The expected output is the data below, character for character, without its pictures.

GIVEN MATERIAL:
----------
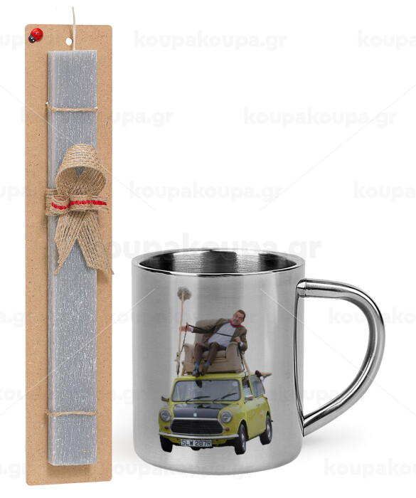 Mr. Bean mini 1000, Easter Set, metallic thermal cup (300ml) & Easter aromatic flat candle (30cm) (GRAY)
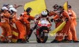 Pembalap MotoGP Spanyol Marc Marquez (tengah) dari Tim Repsol Honda merayakan kemenangannya bersama para track marshal setelah memenangkan Grand Prix Sepeda Motor Jerman di sirkuit balap Sachsenring di Hohenstein-Ernstthal, Jerman, 20 Juni 2021. (FOTO : EPA-EFE/FILIP SINGER)
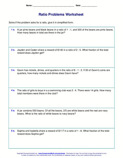 Free worksheets for ratio word problems from www.homeschoolmath.net
----------
OUTPUT BELOW:
 Mr. Bean mini 1000, Easter Set, metallic thermal cup (300ml) & Easter aromatic flat candle (30cm) (GRAY)
 Pembalap MotoGP Spanyol Marc Marquez (tengah) dari Tim Repsol Honda merayakan kemenangannya bersama para track marshal setelah memenangkan Grand Prix Sepeda Motor Jerman di sirkuit balap Sachsenring di Hohenstein-Ernstthal, Jerman, 20 Juni 2021. (FOTO : EPA-EFE/FILIP SINGER)
 Free worksheets for ratio word problems from www.homeschoolmath.net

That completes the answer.